I would have thought stepping down as a first step and then converting it into DC is much easier and efficient in terms of component requirements.
Any thoughts ?

el
 
Why do you think it better to step the voltage down first (presumably using a transformer at the mains frequency) rather than converting the input to DC first, chopping it at a few hundred KHZ and using a very small low cost transformer to step it down to the required output voltage ? The high frequency chopper will have PWM control so that the output will be stabilised without the use of a lossy linear regulator on the output. It is done this way to make the power supply lighter, cheaper and more efficient.

Les.
 
That is also why, as an inexperienced hobbyist, you shouldn't be opening these up and screwing around with them. The internal voltages are lethal, and since there is no AC line isolation on the high voltage side of the internal transformer, one slip with a scope ground clip can cause a direct short from the AC line to earth ground, causing an explosion that throws molten metal into your face and eyes...
 
Thanks Mike, i'll take care.
Les, iam not sure how big is the transformer at mains. I'm a new hobbyist in this area, i can think of problem areas like the diode bridge needs high wattage diodes, and the mosfet needs to sustain high voltage - am i wrong ?
 
Thanks Mike, i'll take care.
Les, iam not sure how big is the transformer at mains. I'm a new hobbyist in this area, i can think of problem areas like the diode bridge needs high wattage diodes, and the mosfet needs to sustain high voltage - am i wrong ?
Nope, the DC voltage at the output of the rectifier will be ~1.4*the LineVoltage. In the US, where our line voltage is 120Vac, you can expect ~170Vdc. At 240Vac in, expect about 340Vdc.

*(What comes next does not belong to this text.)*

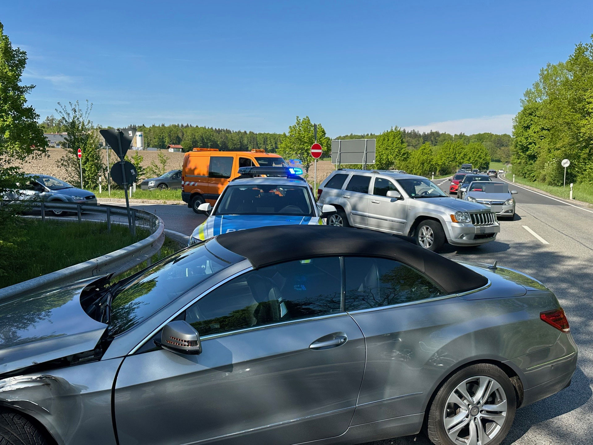 Am heutigen Nachmittag, gegen 16 Uhr, kam es auf der B304 bei Gabersee zu einem Verkehrsunfall. An der Abfahrt nach Wasserburg kollidierten ein Lkw und ein Pkw miteinander. Der Unfall ereignete sich mitten im Berufsverkehr und führte zu erheblichen Verkehrsbehinderungen. Zahlreiche Verkehrsteilnehmer mussten lange Wartezeiten in Kauf nehmen. Der Einsatz der Feuerwehr war nicht nötig. Polizeibericht folgt… Fotos: Georg Barth

Like I said above, be damn careful screwing with these things...
 
ok, thanks for the warning mike, i'm not supplying power and doing anything with the scope right now. Just had a look at the circuit and was curious why it's done that way.
 
Hi,
I happened to open up a old nokia charger and tried to analyze. It looks like DC conversion is done at high voltage and is stepped down in the end.
I would have thought stepping down as a first step and then converting it into DC is much easier and efficient in terms of component requirements.
Any thoughts ?

el
They all use an off line flyback design with some kind of cheap opto coupler for feedback. The flyback transformer winding provides the isolation necessary to make the UL safety rating. It's the cheapest way to do the design. The flyback FET does need to stand off the unregulated DC voltage (above 300V) but 400V and 600V FETs are readily available and pretty cheap. The current requirement is very low.
 
They do it that way because of cost. The vast majority of older wall warts are what you expected, a small but standard offline transformer, a low voltage secondary, a rectifier, and a filter capacitor. The output had a voltage rating that was accurate only at its rated load current (when the output ripple voltage is at its worst), and could easily be 1.5 times that rated voltage at no or very low loads. This translated into extra work for the DC power processing/regulating circuits inside the calculator or whatever. Very few were truly regulated because a linear regulator makes heat, and that requires heatsinks and vents, and that makes the thing even larger and less safe.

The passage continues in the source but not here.